Committee Republicans said they backed the policy. Representative Martha Roby of Alabama thanked Pompeo for his stance.

Optimistic but vague

Pompeo was reluctant to detail the administration's plan and timeline for releasing an Israeli-Palestinian peace developed by White House advisers Jason Greenblatt and Jared Kushner, the president's son-in-law.

He said the proposed plan sought to tackle areas of a Middle East conflict that previous U.S. administrations had failed to resolve.

"Our vision will demonstrate our commitment that we want Palestinians to have a better life as well," Pompeo said, adding that he hoped the Palestinians would view the U.S. as a "fair arbiter."

Trump has drawn criticism for strongly defending the closeness of the relationship between the U.S. and Saudi Arabia in the aftermath of the killing of U.S.-based journalist Jamal Khashoggi. Pompeo told a congressional hearing the Trump administration is still working "all across the government" to identify those responsible for the murder of the Washington Post columnist.

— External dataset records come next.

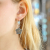 Sublimez votre allure avec les boucles d'oreilles Monoï. Délicatement suspendue par des dormeuses en métal argenté, une jolie fleur en nacre grise apporte douceur et éclat à votre visage. Offrez-vous une touche de sophistication et de charme avec ces boucles qui captivent par leur délicatesse et leur élégance.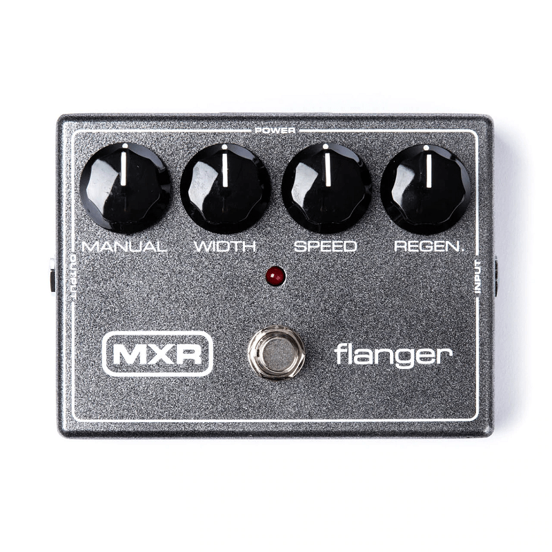El MXR Flanger crea una variedad de sonidos salvajes, desde dinámicos efectos de avión a reacción o geniales efectos espaciales hasta breves retardos, coros y vibrato. Regrese el Ancho a cero para desactivar el barrido automático, luego use la perilla Manual para colocar físicamente el efecto en cualquier lugar del espectro de frecuencia; Úselo con guitarra, bajo, teclados o voces.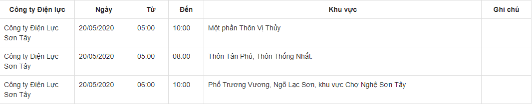 Lịch cắt điện tại Thành Phố Sơn Tây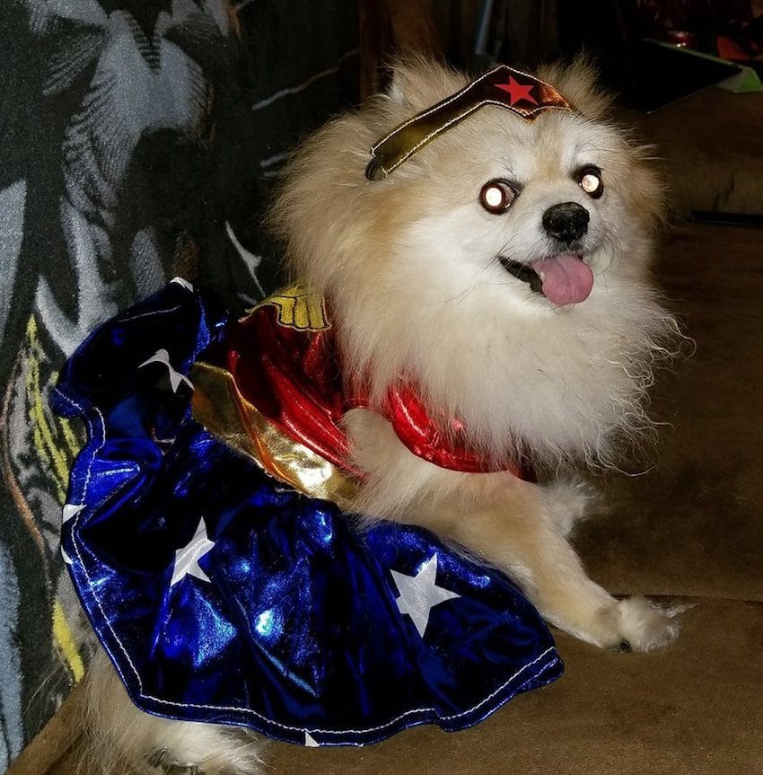 ▼2017年的萬聖節,安迪選擇了蘇菲(Sophie)這隻可愛的小博美作為他的「繆斯女神」!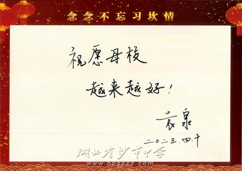 袁泉校友在留言薄上留言:祝愿母校越来越好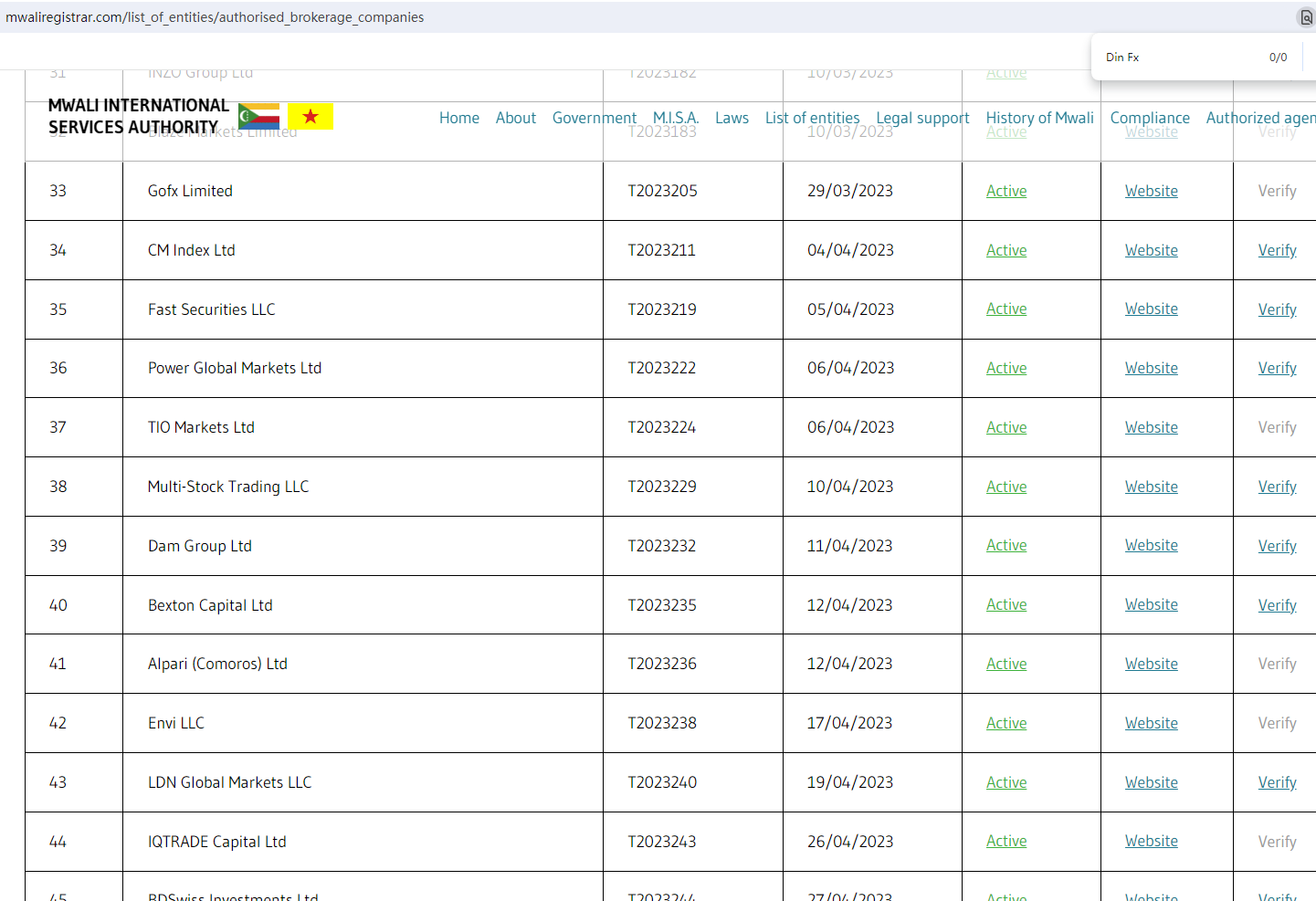According to its website, it is to be regulated by MWALI INTERNATIONAL SERVICES AUTHORITY (MISA). Upon investigation, no matching information was found in the MISA. Therefore, Trade Din FX is not regulated at all. Entrusting it with investors' funds is highly risky, as there are no legal protections in place to safeguard the funds.

"We will continue to work to identify those who are responsible for Jamal Khashoggi's murder and hold them accountable," he said.

Eleven suspects have been indicted in Saudi Arabia in Khashoggi's murder, and Pompeo told reporters late last year he had not seen any intelligence directly connecting the operation to kill Khashoggi in Istanbul to the Saudi Crown Prince, Mohammed bin Salman.

Pompeo was pressed by Democrat Barbara Lee of Texas about proposed cuts in funding to African countries. She said Trump sought cuts of 56 per cent to Ghana, 33 per cent to Ethiopia, 14 per cent to Mozambique, 44 per cent to South Sudan, and 71 per cent to South Africa, mostly in global health funding.

"This is after a well documented track record of controversial statements from the president identifying certain countries as 'shithole' countries, and quite frankly, attitudes toward the continent in general," said Lee.

Pompeo pushed back at the criticism, saying the gist of the question was "in my judgment fundamentally unsound."

He said the State Department had assessed each country based on economic, security and political behaviour.

The Trump administration has called for steep cuts to diplomacy three years in a row. Each time, lawmakers have largely ignored the requests. 

For example, the administration has proposed cuts in aid to Latin America ranging from 20 to 40 per cent, including in the Central American countries that are source of many migrants travelling in the caravans toward the U.S. border that Trump abhors. Congress has rejected those plans, keeping funding relatively stable for the region compared to previous years.